2. The Master and Margarita - I just loved the humor in it. UMassians, if you even exist in the world anymore, do not pass up the chance to take a class with it's translator, Prof. Burgen in the Russian dept. Umass authorities: think twice before not allowing someone to get english credit for spending a semester reading Tolstoy with this gifted translator like you did to me. I couldn't justify spending so much time and effort - literally thousands of pages - on one class that wouldn't count towards my major and it is one of the things I really regret about college, especially after reading this book.
1. Cold Comfort Farm - I think I read this whole book with a smile on my face. It isn't the best written on the list. I won't even think about the ending as I'm giving it the #1 slot, but there was just something about this book that I really, really loved. It was so funny and sweet.
Honorable Mention: Jesus' Son. It probably should be #1, it is brilliantly written.

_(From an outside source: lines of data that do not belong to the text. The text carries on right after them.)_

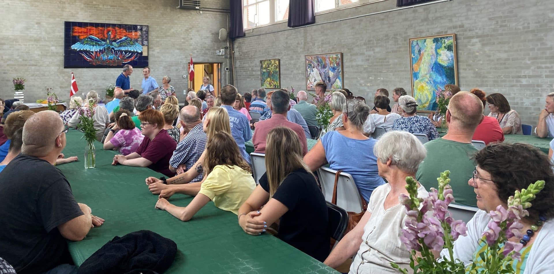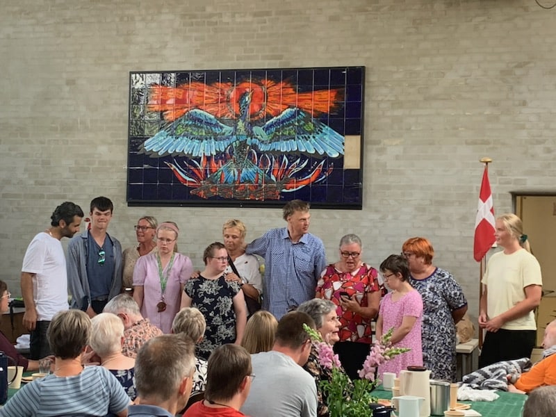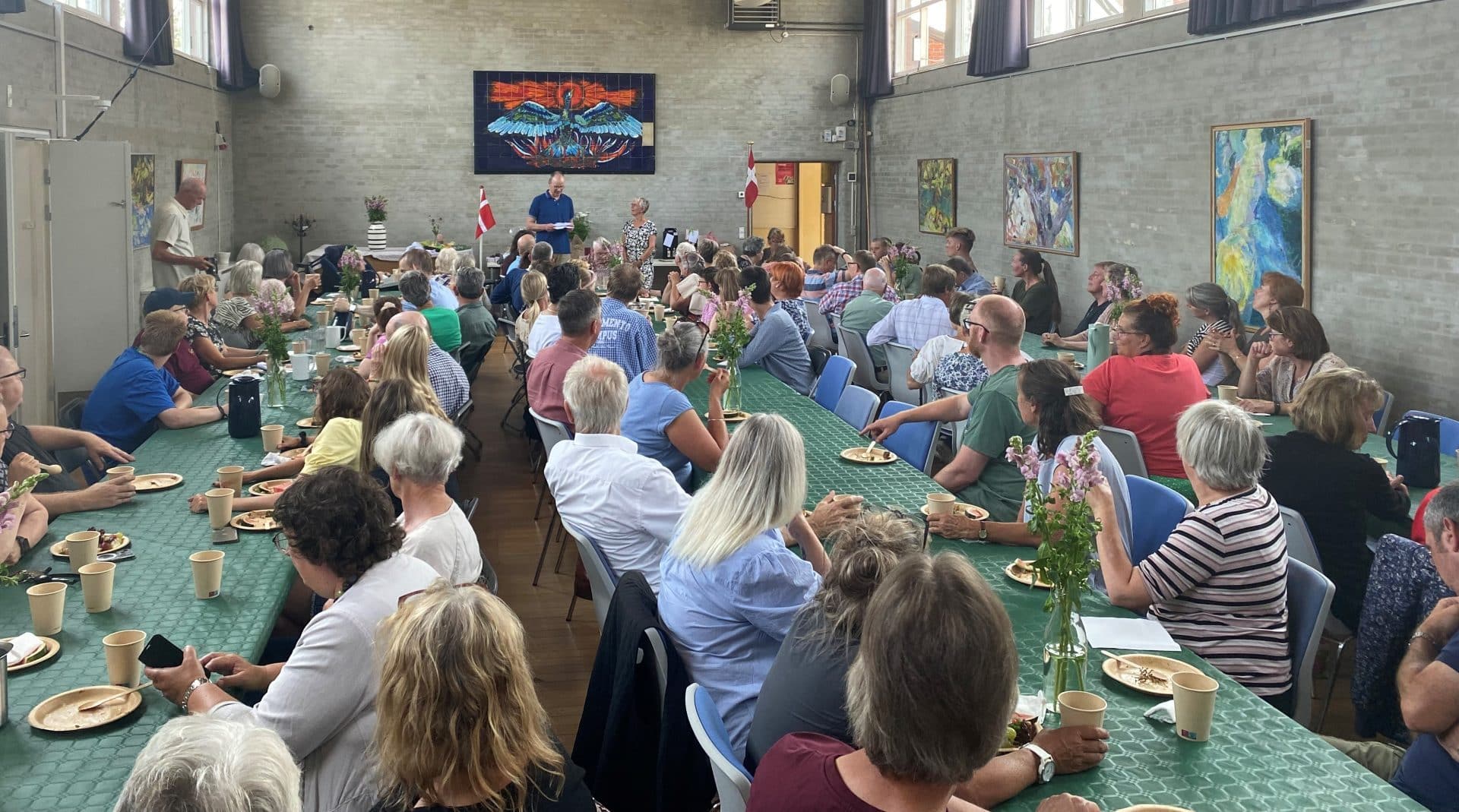 Mange var mødt op på Sofiegården for at fejre og tage afsked med Anne-Grethe, som her får overagt en fin Grethe Bagge akvarel af leder Bernhard Schmitz.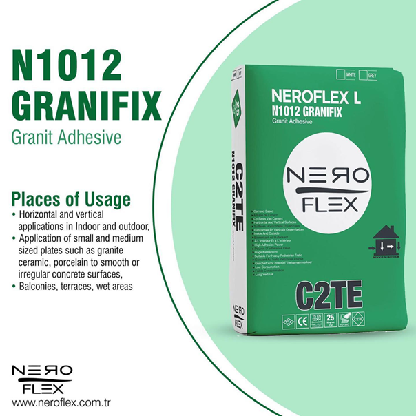N1012 Granifix layer of 1 mm thickness is applied to the application surface with the flat side of the trowel. N1012 Granifix is applied in one direction in such a way that a uniform thickness is obtained with the toothed side of the trowel to an area that can be covered within 20 minutes, open waiting time. For the bonding of tiles or ceramics with different thicknesses, it is recommended to apply 1 mm thick mortar under each tile or ceramic in order to cover the defects on the application surface. When applying tiles or ceramics in place, the tiles or ceramics are floated in the mortar to ensure that the N1012 Granifix is fully in contact. Application is completed by leaving the recommended joint gap according to the appropriate tile or ceramic size.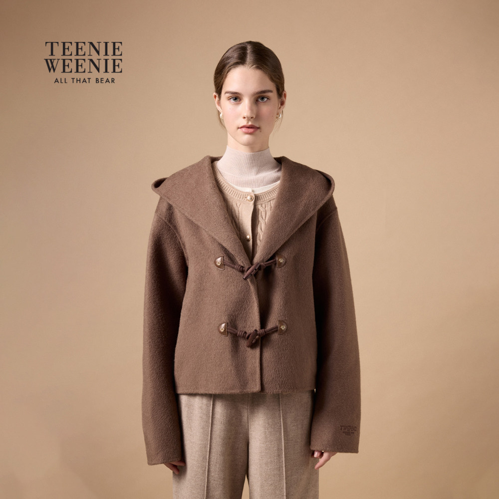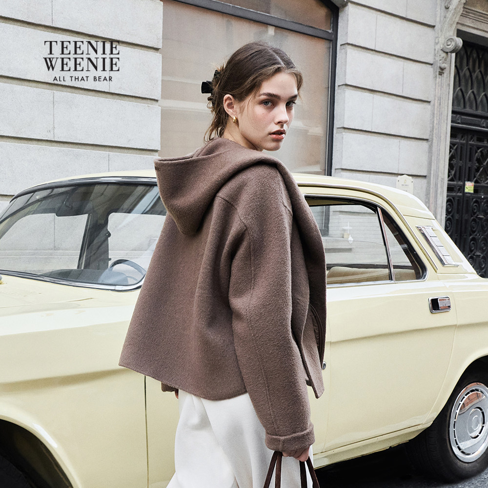 【初代千金牛角扣】TeenieWeenie小熊女25冬绵羊毛斗篷毛呢大衣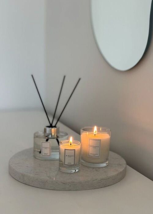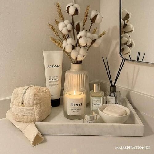 This little setup feels like my version of “instant calm.” I love how the candles and diffuser sit on that marble tray—super simple but still classy.

Denis Johnson feels like a real writer in our time.
A Word about MFK Fisher: It isn't fair to rank her, because her work wasn't read for the same reasons as novels, etc. She is one of the best writers I've come across in recent years. Completely passionate about food, completely pretentious, extremely witty and wise. She is the reason I want to study food writing.
Bottom 5 Books Read in 2008:
5. Middlemarch - Boring.
4. Moby Dick - Wasted precious hours of my life. This is the only time I ever felt that a Reader's Digest Condensed may have been a better idea. It just went on and on. Hardly any of it was actually story, it was mostly antiquated scientific info on whales and other sea mammals. It felt so choppy and so, so long. I read this during the week of my wedding. Why?
3. The Story of Edgar Sawtelle - the first 150 pages were really well done. After that, it got strange and weird and transparent.
2. Can't think of one that really got under my skin enough to list, but this needs to be #1:
1. Twilight - This book sucked big time. What terrible writing. I read it for work, in attempt to get hip to what the kids are reading these days (I feel old). I keep telling myself that I should calm down, that it's written for teenagers. But then I think that I wouldn't have been so easily fooled as a teen reader. Why are kids reading such crappy books? The movie was just as bad. It was cringe-worthy. Saw that for work, too, and seriously eyed the book I had in my handbag the whole time. Kids, read something better.